→ **What is needed**: Please repeat only the lines below starting at the line that holds "Composicion: Por 2" and ending at the line that holds "That鈥檚 what we", exactly, with both of those lines included and every picture omitted.

Collected data entries:
_ _ _ _ _ _ _
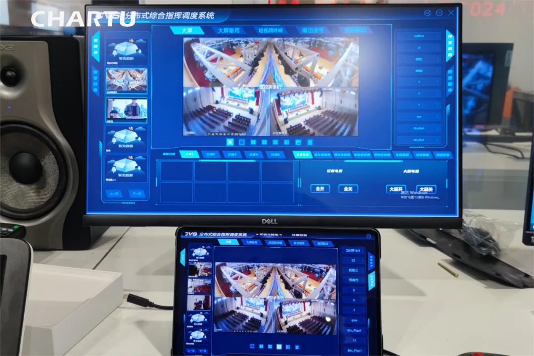 CHARTU長(zhǎng)圖以CVS分布式調(diào)度綜合管理系統(tǒng)為主要核心,配合可視化操作軟件、智能中控軟件,完成對(duì)當(dāng)?shù)貓?bào)告廳本地信號(hào)的傳輸管理,互聯(lián)共享等方面的建設(shè)。
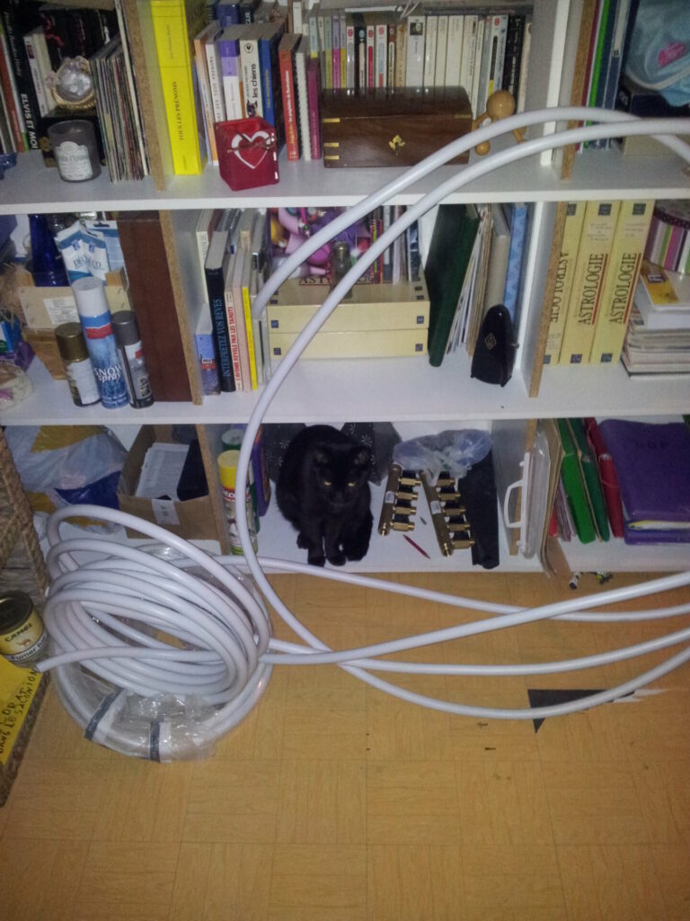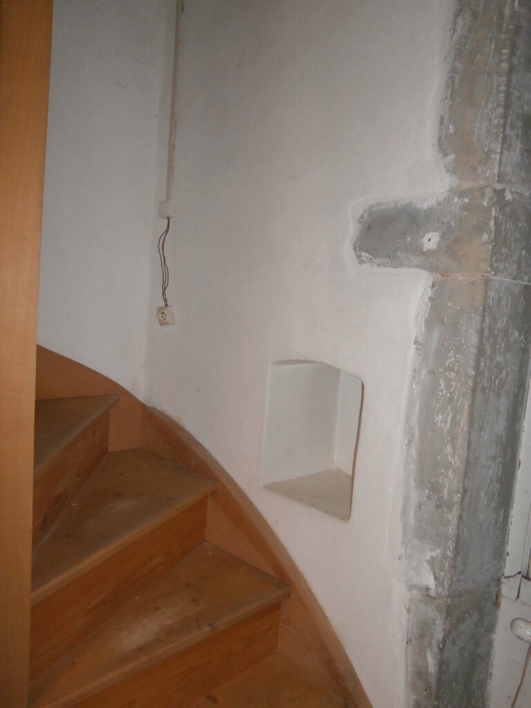 Le chauffe eau qui se trouvait dans la salle bain a été ensuite déplacé sous le nouvel escalier lorsque la salle de bain a été refaite, et l’arrivée d’eau en multicouche a été encastré dans la dalle existante.
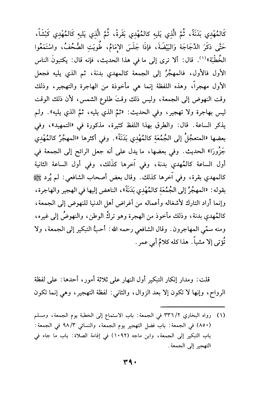 كَالْمُهْدِي بَدَنَةً، ثُمَّ الَّذِي يَلِيهِ كَالْمُهْدِي بَقَرَةً، ثُمَّ الَّذِي يَلِيهِ كَالْمُهْدِي كَبْشًا، حَتَّى ذَكَرَ الدَّجَاجَةَ وَالْبَيْضَةَ، فَإِذَا جَلَسَ الْإِمَامُ طُوِيَتِ الصَّحُفُ وَاسْتَمَعُوا الْخُطْبَةَ» ) قَالَ: أَلَا تَرَى إِلَى مَا فِي هَذَا الْحَدِيثِ فَإِنَّهُ قَالَ: «يَكْتُبُونَ النَّاسَ الْأَوَّلَ فَالْأَوَّلَ، فَالْمُهَجِّرُ إِلَى الْجُمُعَةِ كَالْمُهْدِي بَدَنَةً ثُمَّ الَّذِي يَلِيهِ» ، فَجَعَلَ الْأَوَّلَ مُهَجِّرًا، وَهَذِهِ اللَّفْظَةُ إِنَّمَا هِيَ مَأْخُوذَةٌ مِنَ الْهَاجِرَةِ وَالتَّهْجِيرِ، وَذَلِكَ وَقْتُ النُّهُوضِ إِلَى الْجُمُعَةِ وَلَيْسَ ذَلِكَ وَقْتَ طُلُوعِ الشَّمْسِ، لِأَنَّ ذَلِكَ الْوَقْتَ لَيْسَ بِهَاجِرَةٍ وَلَا تَهْجِيرٍ، وَفِي الْحَدِيثِ: " «ثُمَّ الَّذِي يَلِيهِ ثُمَّ الَّذِي يَلِيهِ» ". وَلَمْ يَذْكُرِ السَّاعَةَ. قَالَ وَالطُّرُقُ بِهَذَا اللَّفْظِ كَثِيرَةٌ مَذْكُورَةٌ فِي " التَّمْهِيدِ " وَفِي بَعْضِهَا ( «الْمُتَعَجِّلُ إِلَى الْجُمُعَةِ كَالْمُهْدِي بَدَنَةً» ) ".
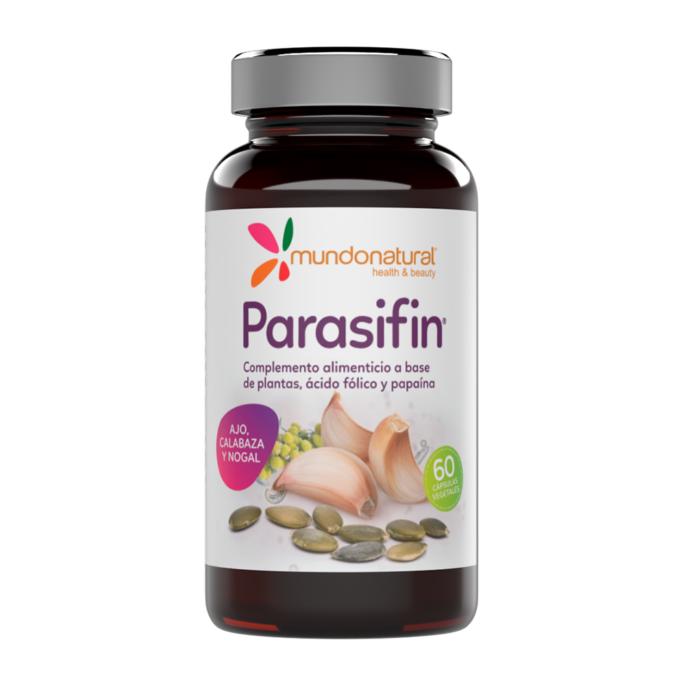 Composicion: Por 2 cápsulas:\ Extracto seco de Ajenjo (Artemisia absinthium L., ratio 10:1) 200 mg, Extracto seco de Ajo (Allium sativum L., 1% Alicina) 200 mg, Clavo en polvo (Syzygium aromaticum (L.) Merr. et L.M. Perry) 100 mg, Extracto seco de Calabaza (Cucurbita pepo L., ratio 10:1) 100mg, Extracto seco de Tomillo (Thymus vulgaris L., ratio 5:1) 50 mg, Extracto seco de Nogal (Juglans regia L., ratio 10:1) 50mg, Papaína >6000 usp/mg 50mg, Antiaglomerantes (Estearato de magnesio y Dióxido de silicio) y Ácido fólico (Ácido pteroilmonoglutámico) 30 µg. Cápsula vegetal (Agente de recubrimiento (Hidroxipropilmetilcelulosa) y Colorante (Concentrado de espirulina)).
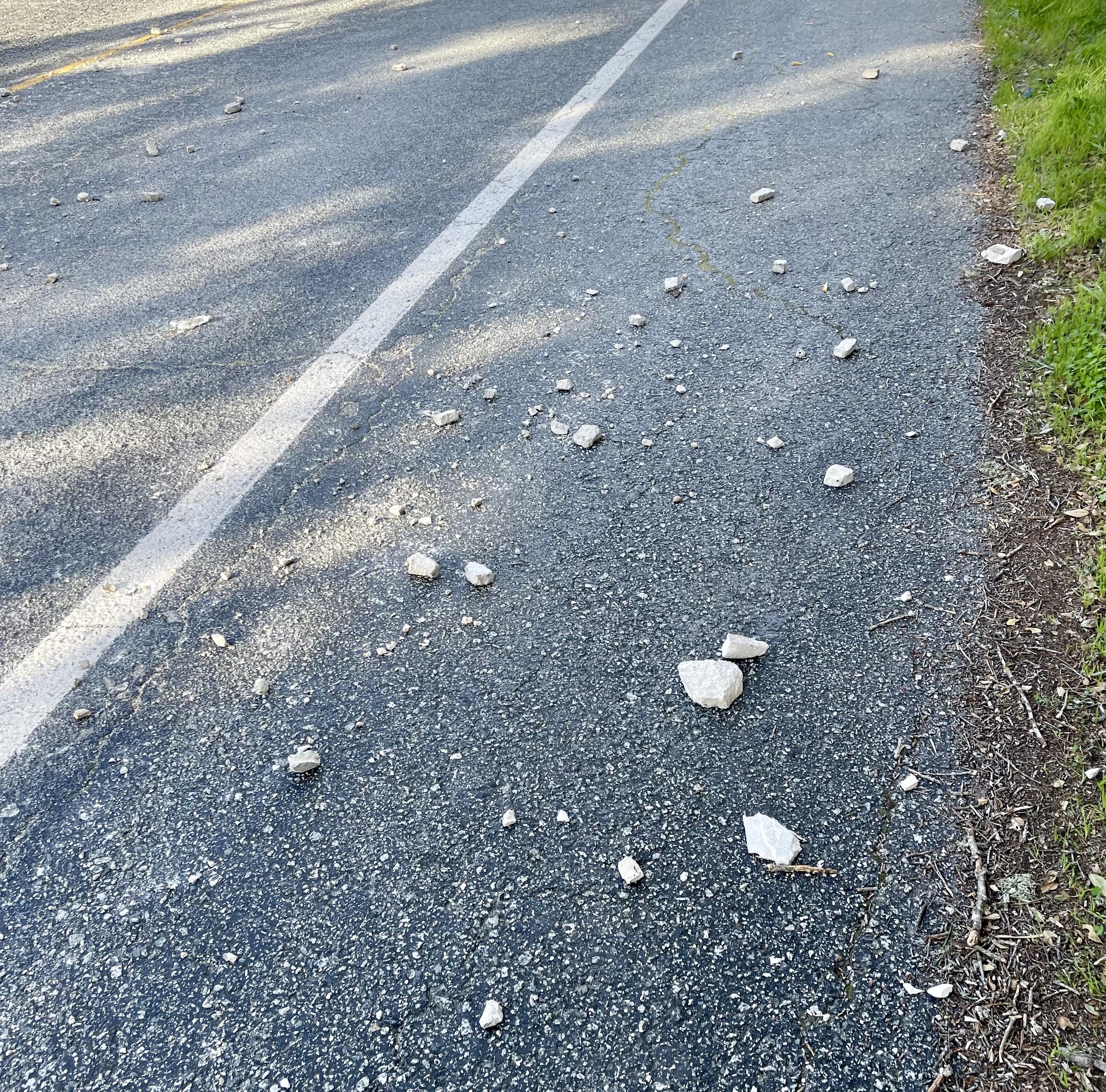 That鈥檚 what we started to do, attempting to use our feet to clear the west shoulder of Olmsted Rd near Hwy 68 / CA SR 68. Then we noticed the east shoulder and travel lanes were likewise strewn with many rocks! Don鈥檛 know what mishap left that mess, but we鈥檙e reporting to road cleanup crews : https://bikemonterey.org/where-to-report-a-bikeway-maintenance-need-in-monterey-county-plus-maintenance-needs-for-california-state-highways.html.
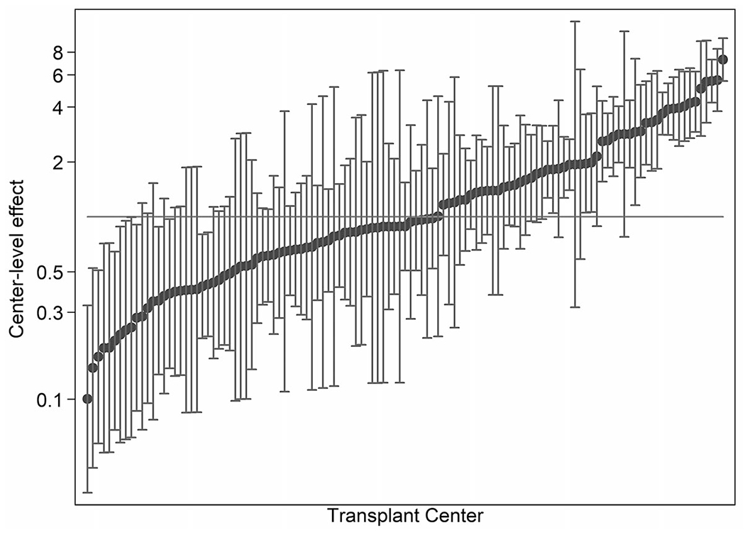 Despite a documented survival benefit, older liver donor (OLD, age ≥70) graft offers are frequently declined, with utilization worsening over the last decade. To understand how offer acceptance varies by center, we studied 1113 eventually transplanted OLD grafts from 2009 to 2017 using Scientific Registry of Transplant Recipients (SRTR) data and random-intercept multilevel logistic regression. To understand how center-level acceptance of OLD graft offers might be associated with waitlist and posttransplant outcomes, we studied all adult, actively listed, liver-only candidates and recipients during the study period using Poisson regression (transplant rate), competing risks regression (waitlist mortality), and Cox regression (posttransplant mortality). Among 117 centers, OLD offer acceptance ranged from 0 (23 centers) to 95 acceptances, with a median odds ratio of 2.88. Thus, a candidate may be three times as likely to receive an OLD graft simply by listing at a different center. Centers in the highest quartile (Q4) of OLD acceptance (accepted 39% of OLD offers) accepted more nationally shared organs (Q4 versus Q1: 14.1% versus 0.0%, P < 0.001) and had higher annual liver transplant volume (Q4 versus Q1: 80 versus 21, P < 0.001). After adjustment, nationally shared OLD offers (adjusted odds ratio [aOR]: 0.16, 95% confidence interval [CI]: 0.13-0.20) and offers to centers with higher median Model for End-Stage Liver Disease (MELD) at transplant (aOR: 0.74, 95% CI: 0.62-0.87) were less likely to be accepted. OLD offers to centers with higher annual transplant volume were more likely to be accepted (aOR: 1.21, 95% CI: 1.14-1.30). Additionally, candidates listed at centers within the highest quartile of OLD graft offer acceptance had higher deceased donor liver transplantation (DDLT) rates (adjusted incidence rate ratio: 1.45, 95% CI: 1.41-1.50), lower waitlist mortality (adjusted subhazard ratio: 0.76, 95% CI: 0.72-0.76), and similar posttransplant survival (adjusted hazard ratio: 0.93, 95% CI: 0.86-1.01) when compared with those listed at centers in the lowest quartile of OLD graft offer acceptance. The wide variation in OLD offer acceptance supports the need for optimizing the organ offer process and efficiently directing OLD offers to centers more likely to use them.
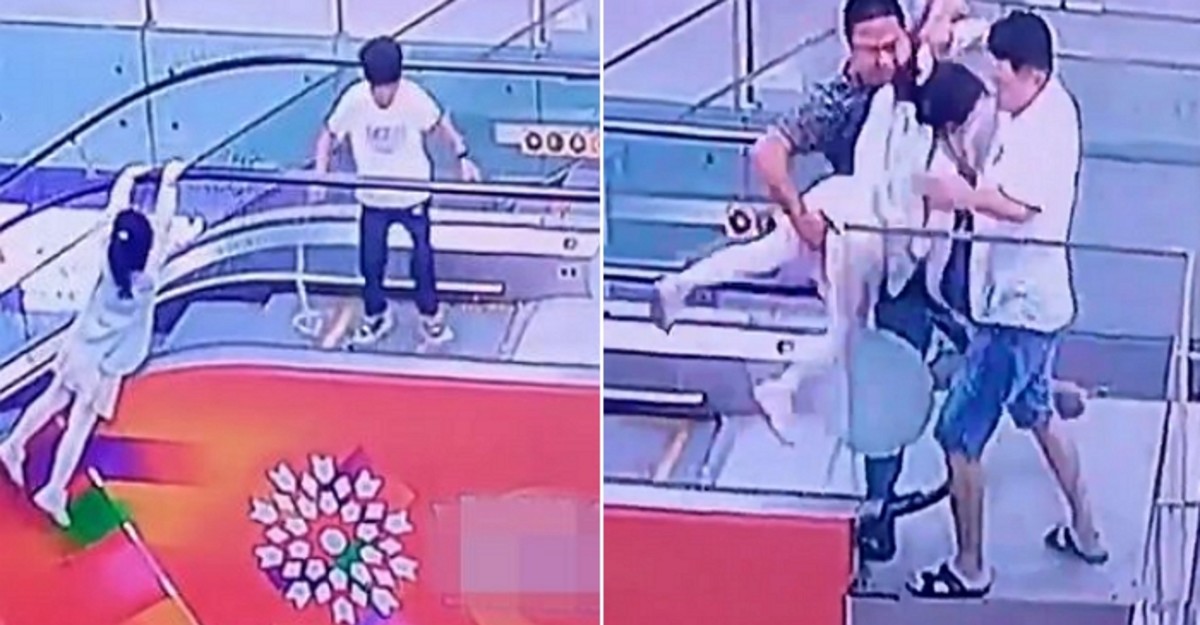 그때 에스컬레이터 난간에 위험천만하게 매달린 소녀를 발견한 한 소년이 주변 어른들에게 도움을 요청했다.
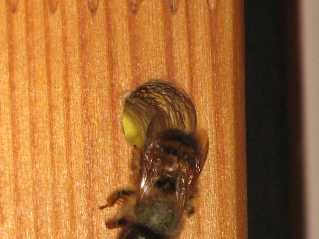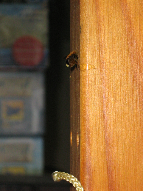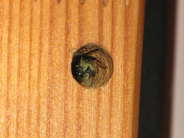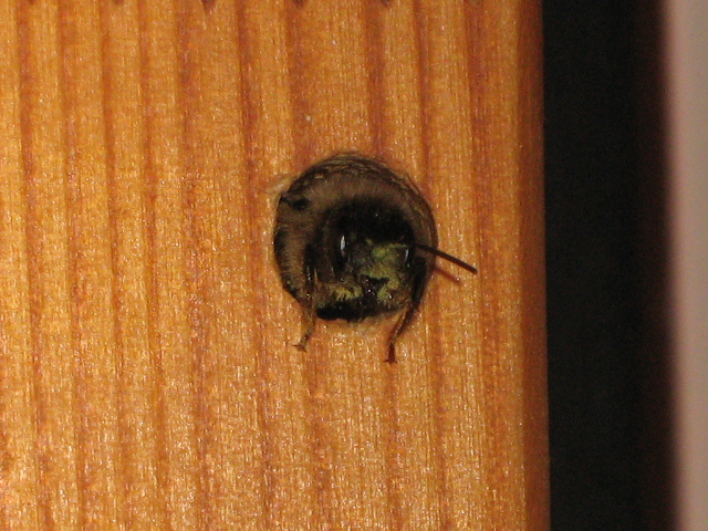 Da ich die letzten Wochen das Fenster eigentlich nur noch offen stehen hatte, hat eine Wildbiene den Weg in mein Zimmer gefunden und nach einigem Erkunden das Ikea Regal kurzerhand zur Brutstätte erkohren. Inzwischen machen ihr zwei weitere Damen Konkurrenz. Mich freut's so hat das häßliche alte Ding doch was Schönes.
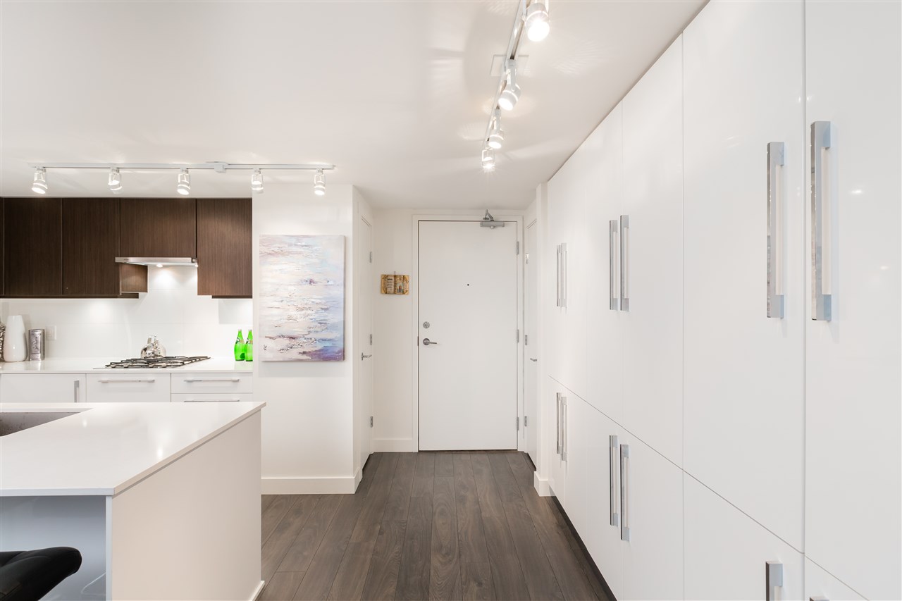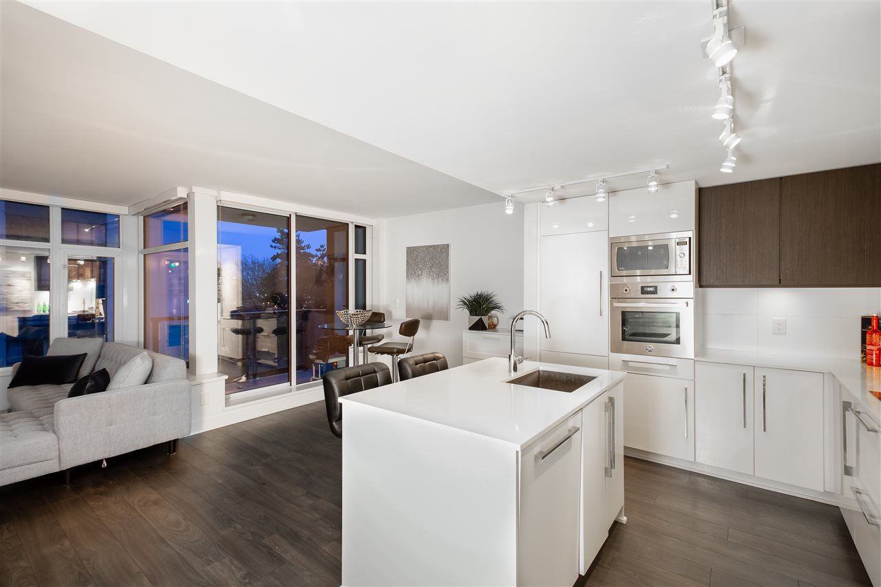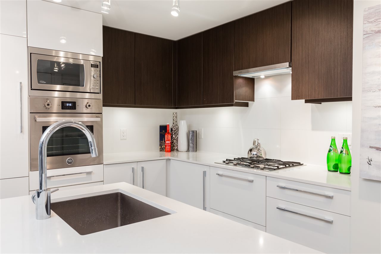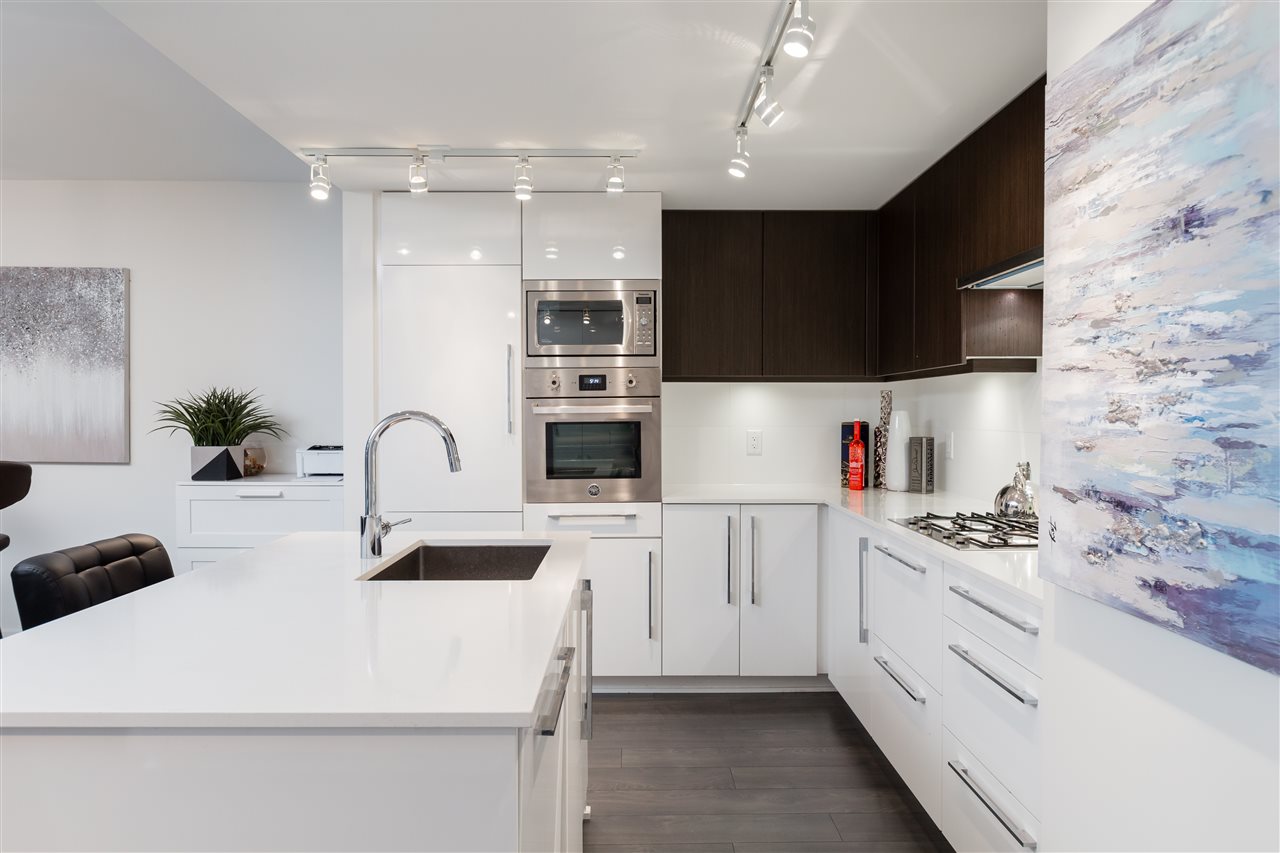 SLEEK & MODERN 1 Bedroom home in the highly desirable Elliott building, located in historic Downtown New Westminster and just a short walk to Columbia Skytrain Station. Clean and contemporary fixtures including quality cabinets, wide-plank laminate flooring and quartz counters. This bright & open concept floorplan features a spacious kitchen with built-in pantry and is equipped with top-of-the-line appliances (including wall oven), gas cook-top and in-suite laundry. Huge BALCONY is perfect for entertaining. Walking distance to Coffee Shops & Restaurants, parks and schools. Include: One Parking Stall and one Storage Locker. OPEN HOUSE NOV 24th 12:00-2:00pm & NOV 25th 10:00-12:00 pm Must check back for VIRTUAL TOUR!
_ _ _ _ _ _ _
→ **Solution for this task**:
 Composicion: Por 2 cápsulas:\ Extracto seco de Ajenjo (Artemisia absinthium L., ratio 10:1) 200 mg, Extracto seco de Ajo (Allium sativum L., 1% Alicina) 200 mg, Clavo en polvo (Syzygium aromaticum (L.) Merr. et L.M. Perry) 100 mg, Extracto seco de Calabaza (Cucurbita pepo L., ratio 10:1) 100mg, Extracto seco de Tomillo (Thymus vulgaris L., ratio 5:1) 50 mg, Extracto seco de Nogal (Juglans regia L., ratio 10:1) 50mg, Papaína >6000 usp/mg 50mg, Antiaglomerantes (Estearato de magnesio y Dióxido de silicio) y Ácido fólico (Ácido pteroilmonoglutámico) 30 µg. Cápsula vegetal (Agente de recubrimiento (Hidroxipropilmetilcelulosa) y Colorante (Concentrado de espirulina)).
 That鈥檚 what we started to do, attempting to use our feet to clear the west shoulder of Olmsted Rd near Hwy 68 / CA SR 68. Then we noticed the east shoulder and travel lanes were likewise strewn with many rocks! Don鈥檛 know what mishap left that mess, but we鈥檙e reporting to road cleanup crews : https://bikemonterey.org/where-to-report-a-bikeway-maintenance-need-in-monterey-county-plus-maintenance-needs-for-california-state-highways.html.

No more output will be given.